Military Wives

March 11, 2020

Review, Theatrical, This Week 1 Comment

…superficial and flashy.
MilitaryWives_2018-11-16_AS_03566 (2)

Military Wives

Anthony Frajman
Year: 2019
Rating: M
Director: Peter Cattaneo
Cast:

Kristin Scott Thomas, Sharon Horgan, Jason Flemyng, Emma Lowndes

Distributor: Transmission
Released: March 12, 2020
Running Time: 112 minutes
Worth: $10.00

FilmInk rates movies out of $20 — the score indicates the amount we believe a ticket to the movie to be worth

…superficial and flashy.

Military Wives, which is inspired by a true media story, begins with a great deal of opportunity. Based on a real-life tabloid sensation about an unknown choir which gained unlikely fame in 2011, the film centres around the lives of a group of British women on the home front as their husbands are fighting in Afghanistan.
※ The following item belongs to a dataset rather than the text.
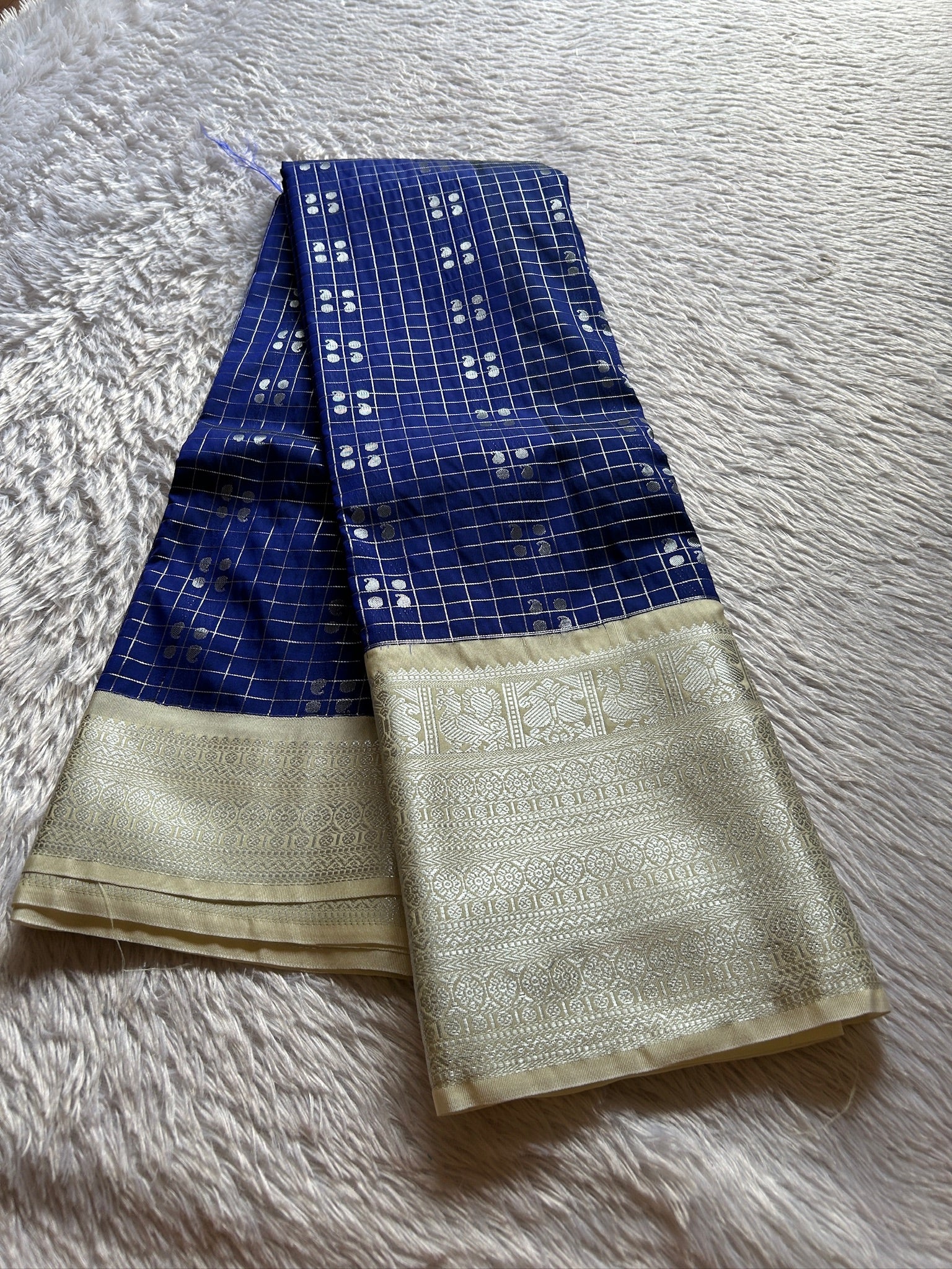 This navy blue semi-soft silk saree features delicate small silver zari checks paired with spaced butta motifs, creating a refined pattern. It is elegantly finished with a beautiful silver zari work pallu and contrasted by an off-white border adorned with intricate silver zari detailing. Perfect for those seeking a subtle yet sophisticated traditional drape with expert craftsmanship.

Whilst their partners are away serving, the ensemble, led by Kate (Kristin Scott Thomas in a strong performance), decides to form a choir.

It’s a familiar milieu for the musically-inclined filmmaker Peter Cattaneo¸ also behind tune-inspired pics The Full Monty (1997), Lucky Break (2001) and The Rocker (2008). Whilst they’re reluctant at first, driven by the determined and seemingly unflappable Kate and her fiery colleague Lisa (Sharon Horgan), the band comes together to unite as one and make something out of their hobby. Practices are well attended, progress is made quickly, the group is in harmony: success arrives through public performances, friendships are made, media attention follows.
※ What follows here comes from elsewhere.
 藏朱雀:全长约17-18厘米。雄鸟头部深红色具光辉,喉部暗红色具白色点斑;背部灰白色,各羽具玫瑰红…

Unfortunately, from there, Military Wives largely becomes a by-the-numbers exercise, which abandons character development. The musical-movie strains viewer credulity by choosing not to delve into the lives of its supporting and lead characters – instead making the film about the pop numbers the group croons and their virtual “instant” fame.

Whilst hits and radio bops comes thick and fast (Yazoo’s Only You, Right Here Waiting), the characters and the story are given little time to develop. This takes away from the film’s impact, as the ensemble’s inner lives, their emotional turmoil, and the impacts of war, are relegated to the side in favour of bits of lengthy, cued and accompanied music video.

The film spends more time on the singers getting The Human League’s Don’t You Want Me down pat, (in one example), than on story development or building the dynamics between its leads – missing an opportunity to offer a relevant picture of people coping with the impacts of conflict and isolation.

Only on occasion are the lives of the group members seen in between uplift and choir time. Moving away from digging into its characters, the film continues to focus on the fame of the group. The result feels superficial and flashy.

Military Wives is a film which disappointingly falls short, providing a poppy playlist and glimpses of entertainment, if little more.